Tonight's festivities were for me round up with the screening of "Ikiru", directed by Japanese master Akira Kurosawa in 1952. That's another classic I had shamefully not seen until tonight, and if I had trouble keeping my eyes open towards the finale, let that be no reflection on the picture, which was very engrossing indeed. It's the story of a civil servant widower who lost all passion for his job decades ago; his excuse in plugging away without joy has been that leading a dull life is okay if it's for the purpose of being a responsible single parent. As the movie opens, the man realises that he has stomach cancer, and must do something of value or fun before his life ends. Kurosawa dips into flashbacks, but two sections dominate the structure of the film: the story of the old man struggling to master his final months, and his eventual wake, in which colleagues discuss the actual merits of his seemingly noble and diligent final acts.
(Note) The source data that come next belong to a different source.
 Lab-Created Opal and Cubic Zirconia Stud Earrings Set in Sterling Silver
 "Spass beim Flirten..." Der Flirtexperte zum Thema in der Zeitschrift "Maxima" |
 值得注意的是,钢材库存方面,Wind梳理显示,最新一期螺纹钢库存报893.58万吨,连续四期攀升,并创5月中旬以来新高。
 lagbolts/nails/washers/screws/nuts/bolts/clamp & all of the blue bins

At the centre of "Ikiru" (which translates as "To Live") are the massive issue of mortality and the thoughtful, poignant performance by Takashi Shimura, but Kurosawa also managed to find moments of humour in the oddest places. The wake sequence is brilliant in the way it gets laughs both sad and pure out of drunkenness and bad logic, satirises bureaucracy and its servants, and also lets us think about the meaning of life, whether a wasted life can secure a legacy by attempting to redeem itself near the end, and whether those attempts at redemption, if successful, actually qualify a life as meaningful.
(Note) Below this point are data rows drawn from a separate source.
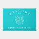 Turquoise shell art welkomstmat met bedrijfs- of familienaam sjabloon. Wit op tropische blauwe kleur met gebogen tekst aan de bovenkant en naam, of enige tekst langs de onderkant.
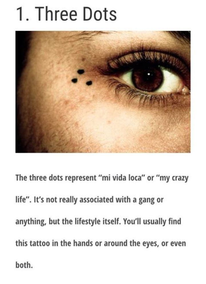 Dot tattoos beneath the eye have been commonly used in Western culture to symbolize allegiance to gang life. Tattoo's showcasing three dots beneath the eye have become synonymous with the saying “mi vida loca” or “my crazy life”.
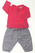 Pantalon, doublé, taille et chevilles élastiques, 2 poches, tee-shirt manches longues, col claudine, boutonné dans le dos.
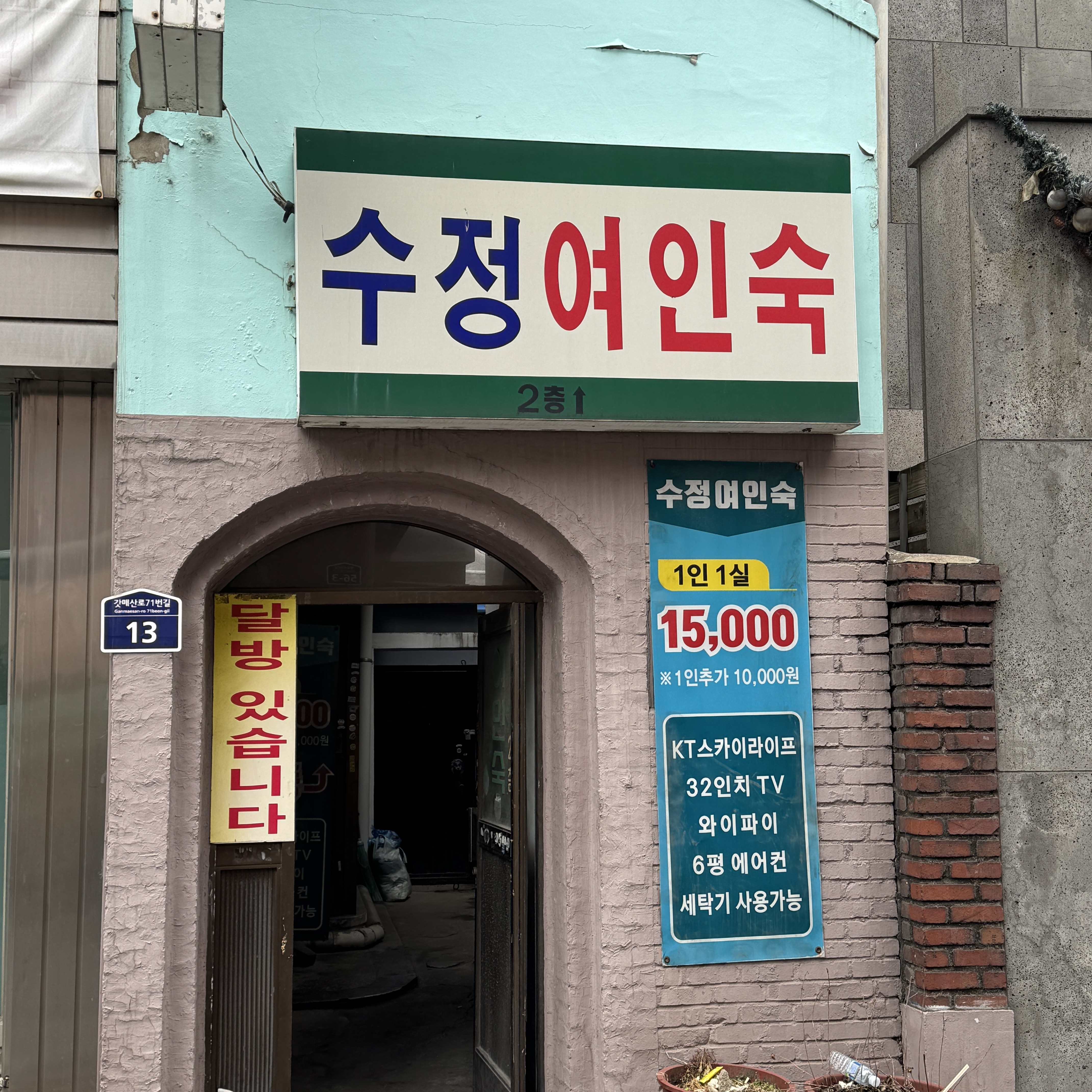 걸어서 왔기에 너무 멀리 가면 안 된다 해서 터닝해서 내려오는 길에 여인숙. 1인 1실 15,000원. 와이파이도 되고, TV에 에어컨도 있고. 30일 쓰면 45만원인데, 그럼 달방으로 계약하면 얼마나 할인해주는 건가? 궁금.

Tomorrow I'm scheduled to see "Bowling for Columbine" and "Ken Park". I should also be attending a tribute to Paul Schrader, followed by the screening of "Auto Focus". If I can get up for 7am, I can make it to the 9.15am revival of "Scarecrow", the acclaimed 1973 picture by Jerry Schatzberg starring Al Pacino and Gene Hackman. I'm writing the first draft of this at about 3.20am. How do you like my chances?